Fig. 6. Michaelis–Menten analysis of proteasomal degradation.

Degradation of substrate proteins with three different ubiquitin chain modifications by the indicated proteasome types was measured at 30 °C in the presence of 1 mM ATP and monitored by measuring GFP fluorescence. The indicated concentrations of substrate were incubated with 25 nM proteasome, fluorescence was recorded every minute for 120 min, and initial degradation rates were determined by curve fitting. The graphs show the initial rates as a function of substrate concentration. a Ub₅(K48)-GFP-35; b Ub₉(K48)-GFP-35; c Ub₅(K63)-GFP-35 by mutant proteasome. Error bars show standard errors derived from at least three replicate experiments. Source data are provided as a Source Data file.

Fig. 7. Degradation of multi-ubiquitinated substrates.

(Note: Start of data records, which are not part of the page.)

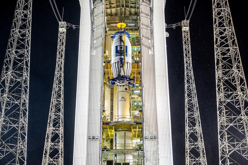 아리랑 7호(서울= 사진은 기아나 우주센터에서 기립해있는 베가C에 실린 아리랑 7호. [아리안스페이스 제공. 재판매 및 DB 금지]
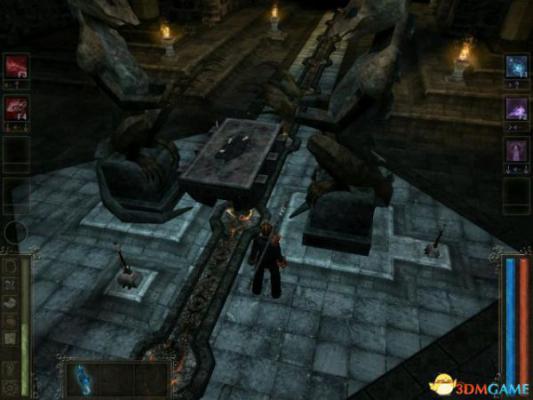 刚一进入大走廊,恶魔小头目会指挥他的部下来围攻你,说完话它自己进入召唤门所在的房间并用魔法把门锁上了(就知道不可能那么容易)。清理干净之后发现无法打开门,四处闲逛,在左侧下方发现一个被锁着的恶魔,它说只要你把它放出来,它就帮你开门。解放恶魔需要一块绿色能量水晶和咒语。来到右侧的一个房间,进去后恶魔会启动一群奇怪的装置来进攻你(会走路的锤子?)锤子能一击将人打倒。清理掉之后走到房间尽头,拿到水晶。回去报告恶魔,它说知道咒语的法师被恶魔关了起来,而且脑子有问题,必须用“Syrahs”这个名字来刺激他。来到右侧最上方的房间,走到最里面的监牢,找到法师,果然满嘴胡言乱语,这样子根本问不出什么咒语来,但用名字刺激他之后他给了你一把钥匙,能打开正对着大走廊另一侧的房间。进去后发现五幅画,点击顺序如下:左2右2右3左1左3(从门口方向数),点击成功后主角被画吸了进去
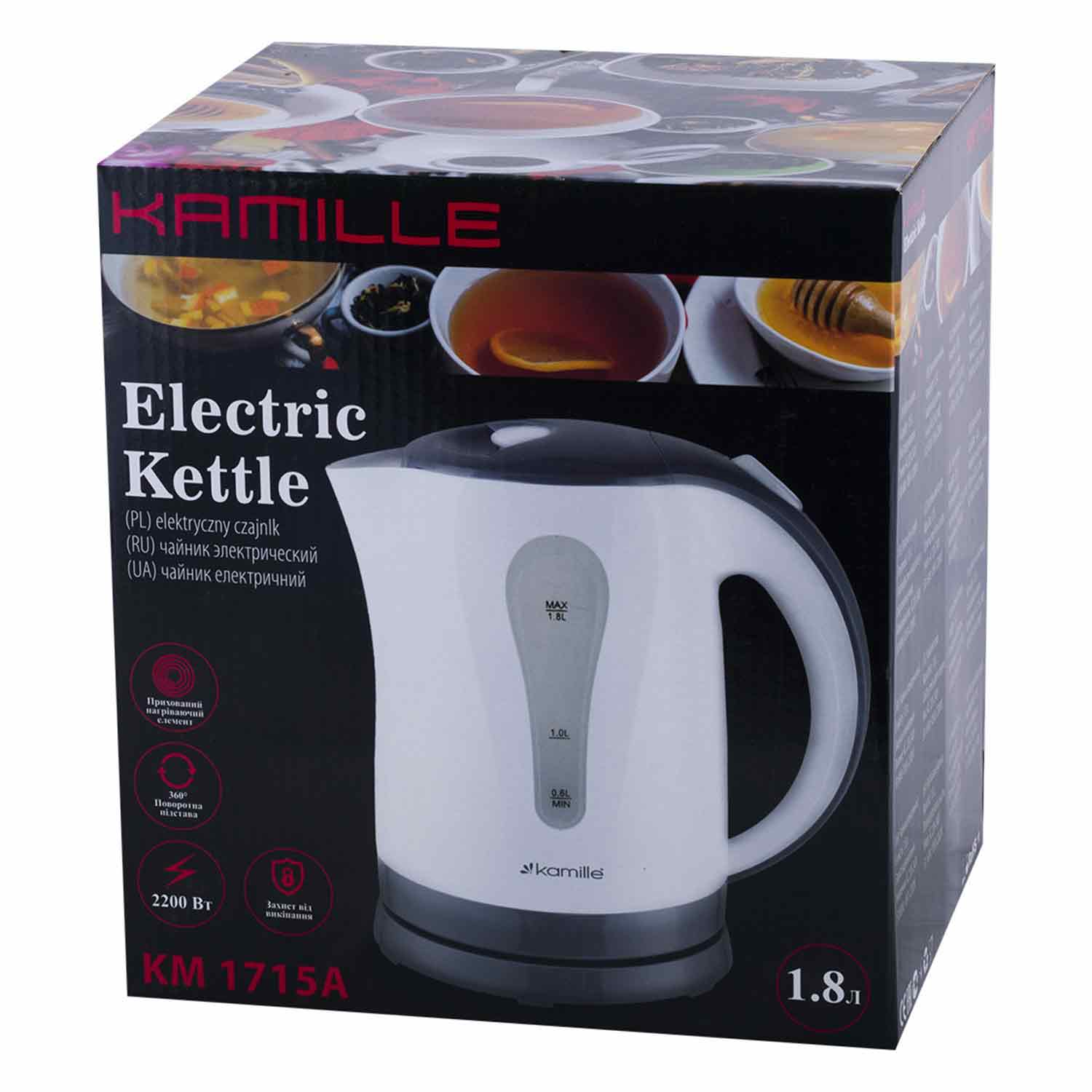 -Эл.чайник 1,8л пластик белый с серым 1715А
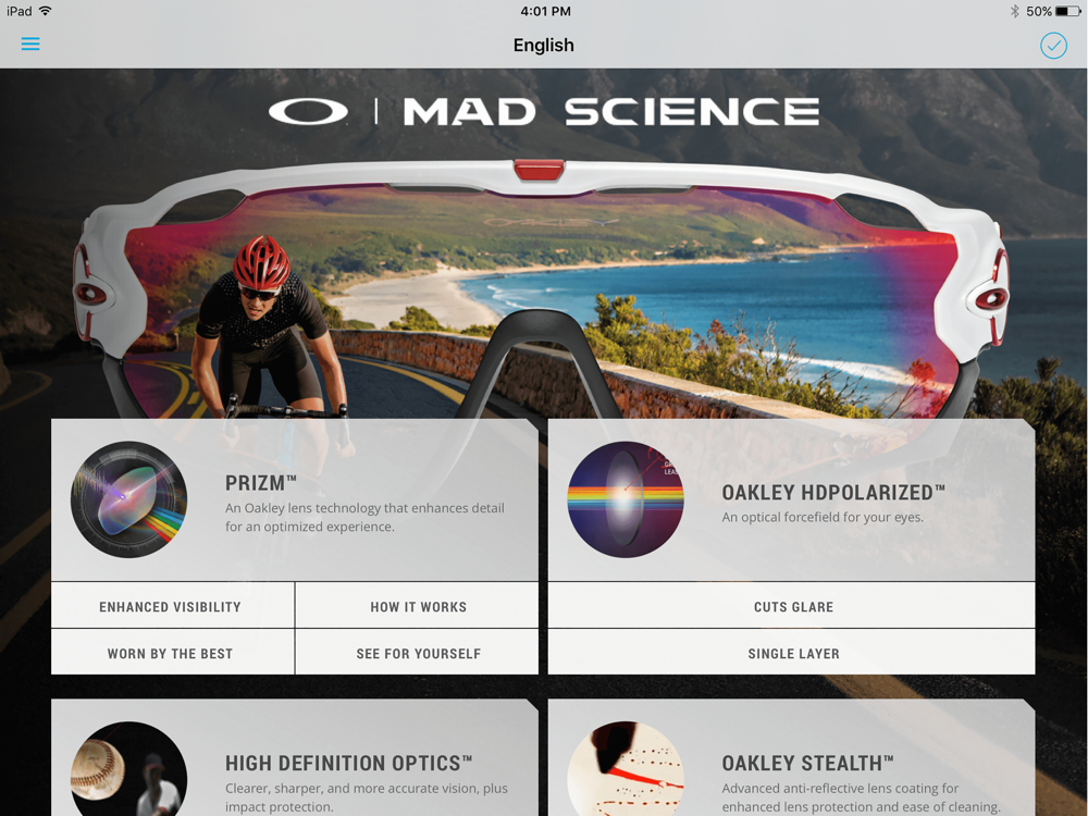 The Mad Science app is used to empower sales reps to better tell Oakley technology stories, and train sales associates. With over 1000 design patents, Oakley is the leading design brand rooted in sport performance. Gain the knowledge of Oakley’s Mad Scientists and install the app now!
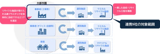 本実証事業のうち、連携9社は、「大都市圏」において、工場から排出される廃プラスチックを対象に、分別・回収からケミカルリサイクル、再生材製造に至るまでの一貫したサプライチェーンの実証を行います。各社の専門領域を活かし、大都市圏における効率的かつ高品質な資源循環モデルの構築を目指します。各社の主な役割は以下の通りです。
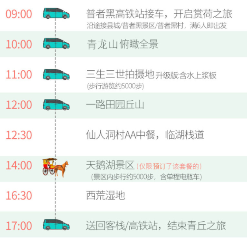 专为差旅人士设计,从云南文山市区出发,无需长途奔波即可直达普者黑景区。行程紧凑高效,涵盖青龙山登高、仙人洞村探访、西荒湿地漫游等核心体验,特别适合商务间隙或会议前后安排半日或一日休闲。单程电瓶车接驳省时省力,最大化利用碎片化时间,让差旅与度假无缝融合。
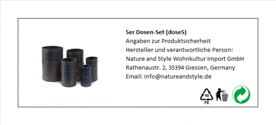 Größenangabe bezieht sich auf die größte Dose im Set.

Degradation of substrate proteins modified with two K48-linked ubiquitin chains or bearing two co-translated single ubiquitin domains by the indicated proteasome types was followed under single-turnover conditions (5 nM substrate, 25 nM proteasome) in the presence of 1 mM ATP at 30 °C. The graphs show substrate fluorescence as a percentage of the initial fluorescence as a function of time in minutes. Proteasome types are described in Supplementary Table 1 (TM triple mutant proteasome). Each panel shows the degradation of particular substrates, and as follows: a Ub₃(K48)-35-Ub₃(K48)-GFP-35 and b Ub-35-Ub-GFP-35. Source data are provided as a Source Data file.

Fig. 8. Degradation of UBL-targeted substrates.

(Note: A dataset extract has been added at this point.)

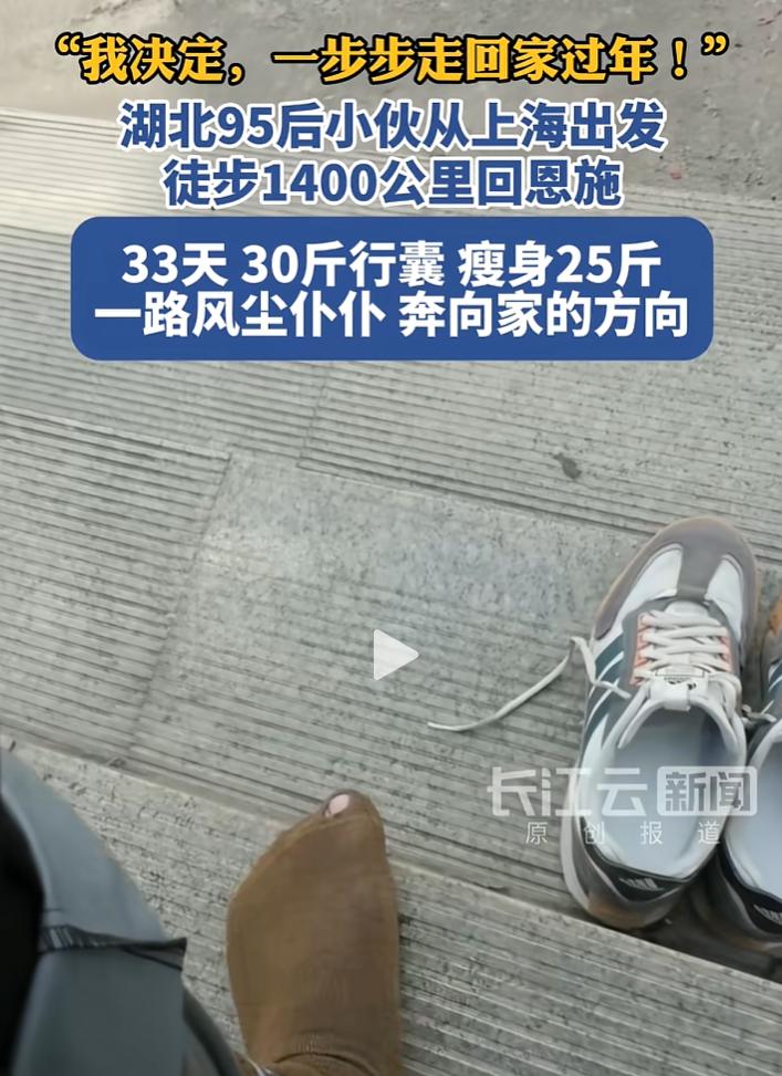 要健康还是要对自己狠下心! 湖北一位小伙,为了降血脂,控制好反复的胰腺炎,决定过年徒步1400公里回老家湖北,每天一顿饭,走坏两双鞋,现在身体各项指标均正常。 现在许多年轻人已经亚健康,湖北这位95后小伙也不例外,由于工作繁忙,小伙一直都不运动,久坐和奶茶成为日常。 久而久之,小伙因为急性胰腺炎反复住院,药物控制了一时,控制不了长时间,反复的住院不仅耽误了时间,还影响到了健康,小伙意识到自己才30岁,每天看着自己血脂数值都感到焦虑,远在湖北的父母隔着手机屏幕也为他担心。 小伙越想越觉得这样下去不行,自己才30岁,还有很长的路要走,连父母的身子都比他好,加上现在临近春节,回老家还不是每天吃喝玩乐,于是小伙把心一横,做了个大胆的决定。 他决定用1400公里回家的路,来换自己的健康,这个决定并不是一时头脑发热,不仅仅可以挽回自己的健康,而且长时间的工作也让他想出去走走,哪怕在山间田野上漫步也好。 于是小伙在开年的1月1日开始,把自己的年假什么的都用上,提早进行他的血脂大作战。 小伙不仅每天要走30多公里,更要命的是还背着30斤的行李,起初的十天是他最崩溃的时间,长时间不运动的他,脚痛又肚子饿,不过他还是狠下心来,累了就放慢脚步,饭只坚持吃一顿,路上的疲倦竟也让他忘却工作的烦恼,未尝不是一箭双雕。 随着各种第三视角的视频传播,小伙的健康之路逐渐让网友知道,也逐渐让其他人知道,原来重获健康也可以这么潇洒。 在旅程的第24天时,小伙在附近的医院检测指标,发现一向降不下来的血脂,竟然已经正常了,小伙也为自己的付出收获了满意的答卷,一路风光美景也更显得绚丽。 小伙用33天,已从上海徒步1400公里回到恩施老家,有人担忧,年后小伙工作还是要回到以前的工作节奏中,还是避免不了亚健康,不过有人却乐观对待,因为小伙这次为了自己的健康狠下心来,以后肯定也会吸取教训,健康和工作找到平衡。 为小伙点赞,也希望更多人可以看到小伙的事,正视自己的健康。

Degradation of substrate proteins with ubiquitin-like domains derived from Rad23 (UBL) by the indicated proteasome types was followed under single-turnover conditions (5 nM substrate, 25 nM proteasome) in the presence of 1 mM ATP at 30 °C. The graphs show substrate fluorescence as a percentage of the initial fluorescence as a function of time in minutes. Proteasome types are described in Supplementary Table 1 (TM triple mutant proteasome). Each panel shows the degradation of particular substrates, and as follows: a UBL-GFP-35 and b UBL-GFP-95 on different proteasome mutants. Source data are provided as a Source Data file.